Problem requirements
Without including any pictures, give back all of the data exactly.

Source data
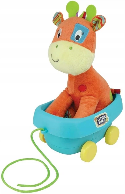 Жирафка Little Pals — це м’яка плюшева іграшка з коляскою, створена спеціально для найменших. Посадивши тваринку в коляску, дитина може тягнути її за мотузку під час прогулянки або штовхати поперед себе, слідуючи за рухом. Така активність стимулює рухливість і заохочує малюка більше повзати та робити перші кроки.
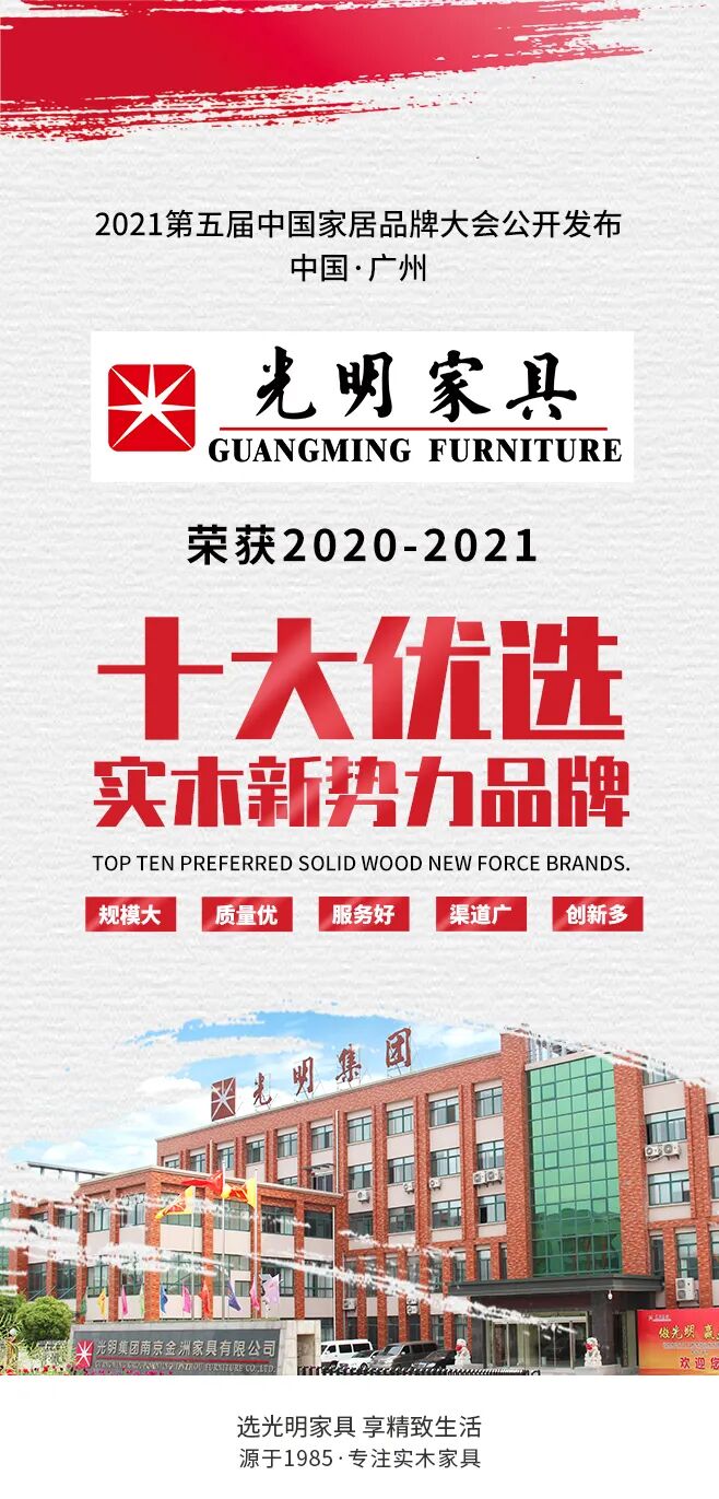 2021第五届中国家居品牌大会公开发布的“2020-2021十大优选实木新势力品牌”,代表着各个实木家具集散地的优秀品牌。其中,光明家具代表着东北实木家具的品质。
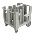 Cambro's adjustable dish caddy provides flexible storage for various dishware sizes and styles in one unit. Its six adjustable towers can be set up to hold 4 to 8 stacks of dishes, accommodating 45 to 60 dishes per stack, depending on their type and style. This makes it ideal for table service in large banquet halls, restaurants and hotels that serve different dishes regularly.
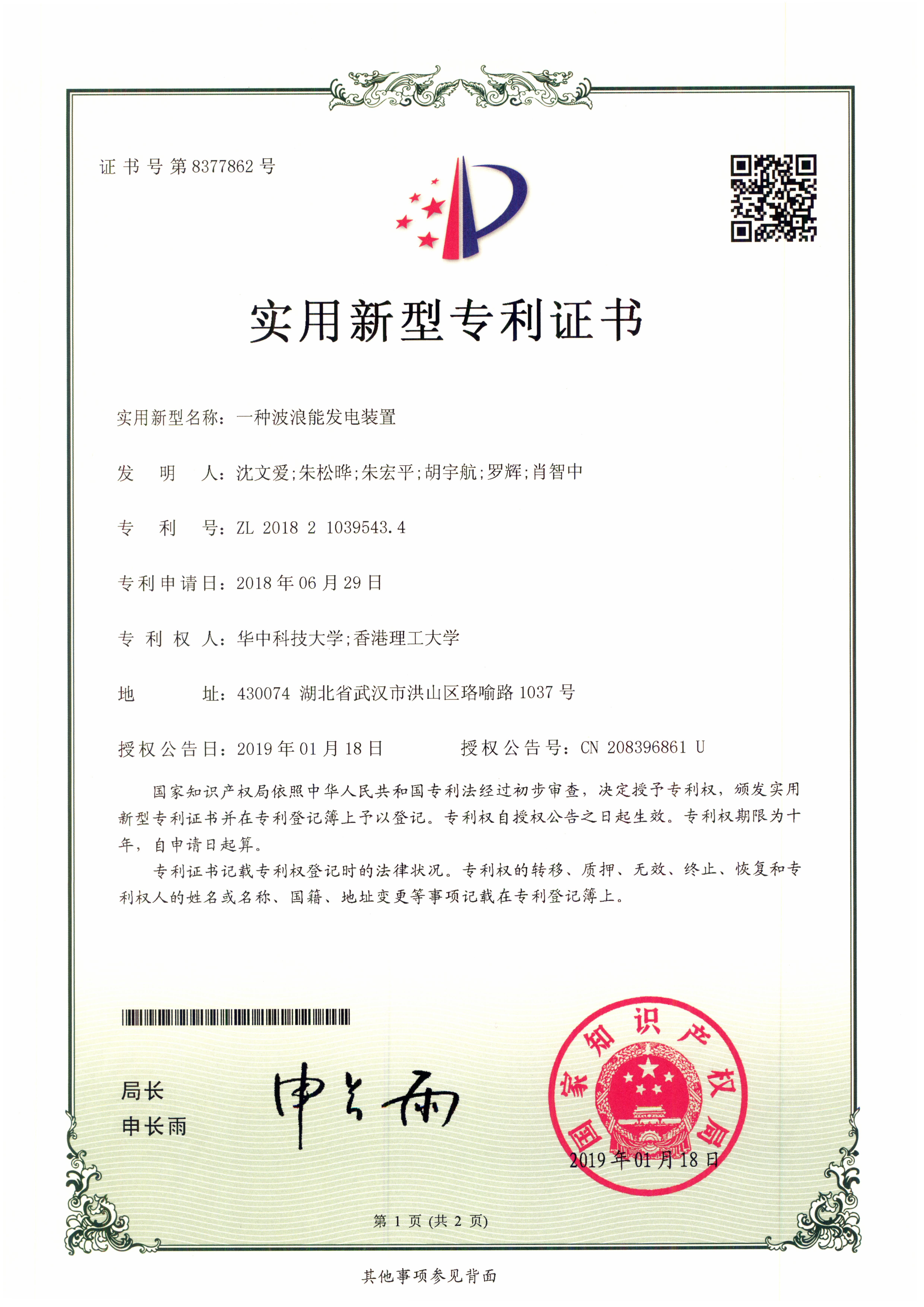 Chinese Patent:A novel wave energy converter (一種波浪能發電裝置) — Prof. Songye Zhu
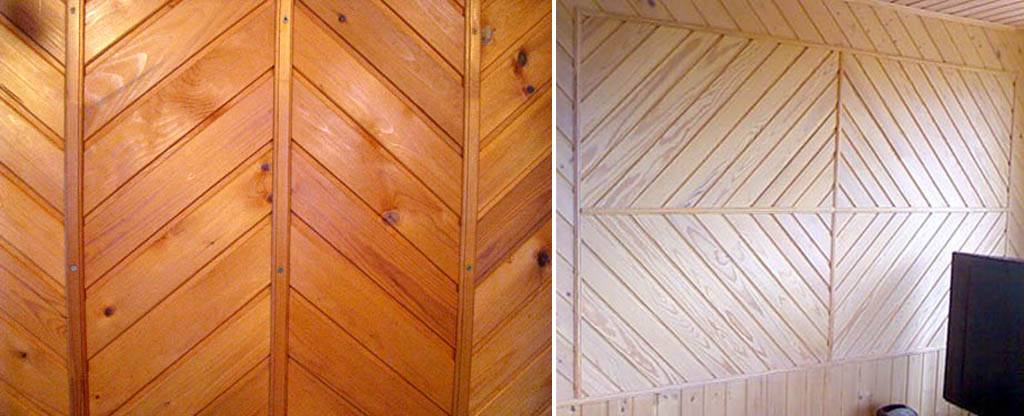 Диагональная обшивка вагонкой применяется редко, т.к. сложна и дает большой отход материала, а эстетически почти не выигрывает. Фасонных обшивок вагонкой много; можно заметить, что, напр., обшивка плоской елочкой (слева на след. рис.) трудоемка, но не так сложна, как кажется: фрагменты нарезаются по шаблону в стусле и монтируются на вертикальную обрешетку. Шикарно выглядят, но сложнее панели-ромбы из вагонки, справа на рис. Обрешетка под них представляет собой крест с обрамлением, в квадрантах которого крепятся бруски под диагональную обшивку, см. ниже.

Response to this exercise
 Жирафка Little Pals — це м’яка плюшева іграшка з коляскою, створена спеціально для найменших. Посадивши тваринку в коляску, дитина може тягнути її за мотузку під час прогулянки або штовхати поперед себе, слідуючи за рухом. Така активність стимулює рухливість і заохочує малюка більше повзати та робити перші кроки.
 2021第五届中国家居品牌大会公开发布的“2020-2021十大优选实木新势力品牌”,代表着各个实木家具集散地的优秀品牌。其中,光明家具代表着东北实木家具的品质。
 Cambro's adjustable dish caddy provides flexible storage for various dishware sizes and styles in one unit. Its six adjustable towers can be set up to hold 4 to 8 stacks of dishes, accommodating 45 to 60 dishes per stack, depending on their type and style. This makes it ideal for table service in large banquet halls, restaurants and hotels that serve different dishes regularly.
 Chinese Patent:A novel wave energy converter (一種波浪能發電裝置) — Prof. Songye Zhu
 Диагональная обшивка вагонкой применяется редко, т.к. сложна и дает большой отход материала, а эстетически почти не выигрывает. Фасонных обшивок вагонкой много; можно заметить, что, напр., обшивка плоской елочкой (слева на след. рис.) трудоемка, но не так сложна, как кажется: фрагменты нарезаются по шаблону в стусле и монтируются на вертикальную обрешетку. Шикарно выглядят, но сложнее панели-ромбы из вагонки, справа на рис. Обрешетка под них представляет собой крест с обрамлением, в квадрантах которого крепятся бруски под диагональную обшивку, см. ниже.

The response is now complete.